Tuesday, August 14, 2012

Irish government bond yields

Bloomberg calculate a number of indicative yields for government bonds at different maturities.  For Ireland they currently provide 1-year, 2-year, 3-year, 5-year and 8-year yields.  The yield curve is upward sloping with the following yields (as of 15:45)

  • 1 year: 1.91%
  • 2 year: 2.74%
  • 3 year: 3.73%
  • 5 year: 5.38%
  • 8 year: 6.04%

Over the past month or so there has been a contrast in performance between those at the shorter end of the range (less than three years) and longer maturities.  This chart from Bloomberg compares the performance of the 2-year and 8-year yield relative to their positions 3 months ago.

2 v 8 bond yields

Both series dropped in the aftermath of the EU leaders summit of the 29th of June but since them the 8-year yield has been largely unchanged while the two year yield has continued to drop.  On the third of July the 8-year yield finished at 6.15%, only 11 basis points above where it is now.  On the same day the 2-year yield finished at 5.01% and has since fallen by 227 basis points. 

A look at the 3-year yield suggests that rates at back to somewhere near what could be considered “pre-crisis” levels (though there is an entirely different interest rate environment now).

Bond Yields 5Y 14-08-12

The three-year yield is based on a bond that matures in February 2015 and this is well outside the window of the EU/IMF funding programme.  Here are the three-year yields for most eurozone countries.

Ireland is firmly rooted in the first group but now has lower yields than both Spain and Italy, neither of which is in a bailout.  The differential between Ireland and Italy was covered in this recent piece on Bloomberg.

Irish Yields Fall Below Italy’s Ignoring Deficit: Euro Credit

By Gregory Viscusi - Jul 25, 2012

Ireland has been functioning thanks to rescue loans since 2010. The government has nationalized five banks and the country’s budget deficit will exceed 8 percent of output this year, European Union forecasts show.

In Italy, the budget shortfall will be 2 percent, less than the EU ceiling of 3 percent of the gross domestic product, and it hasn’t had to bail out its banks.

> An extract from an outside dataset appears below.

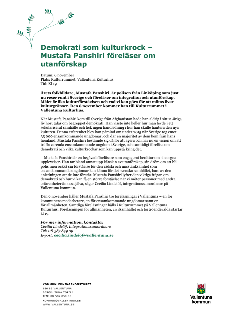 – Mustafa Panshiri är en begåvad föreläsare som engagerat berättar om sina egna upplevelser. Han tar bland annat upp känslan av utanförskap, sin dröm om att bli polis men också sin förståelse för den rädsla och misstänksamhet som ensamkommande ungdomar kan känna för det svenska samhället, bara av den anledningen att de inte förstår. Mustafa Panshiri lyfter den viktiga frågan om demokrati och hur vi kan få en större förståelse när vi möter personer med andra erfarenheter än oss själva, säger Cecilia Lindelöf, integrationssamordnare på Vallentuna kommun.
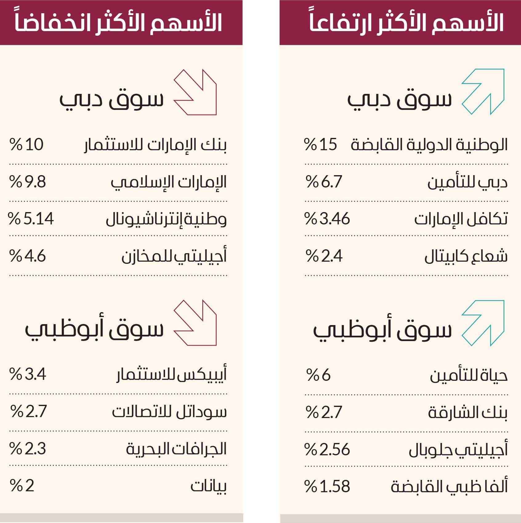 وتعزز أداء سوق دبي بارتفاع أسهم الوطنية الدولية القابضة بنسبة 15%، ودبي للتأمين بنسبة 6.7%، وتكافل الإمارات بنسبة 3.46%، وشعاع كابيتال بنسبة 2.4%، وتيكوم بنسبة 2.2%، والإمارات دبي الوطني بنسبة 2%، ودبي الإسلامي بنسبة 1.7%.

Even with this economic backdrop, bond markets show investors have more confidence in Ireland than Italy.

Ireland has borrowed at preferential rates from its EU partners for the past 20 months, and market prices don’t reflect what it would pay if, like Italy, it had to fund itself in markets, said Guillaume Menuet, head of western European economic research at Citigroup Inc. in London.

Irish rates have fallen below those of Italy across much of the yield curve for the first time since 2009.

“Italy is getting the full brunt of contagion from Spain, and the markets are all playing the game of ‘who’s next?’,” said Cyril Regnat, a fixed-income strategist at Natixis in Paris. “Ireland has benefited from a positive news flow recently, but you still have to consider that markets are being a bit abnormal.”

There are lots of things that have been “abnormal” in the past few years.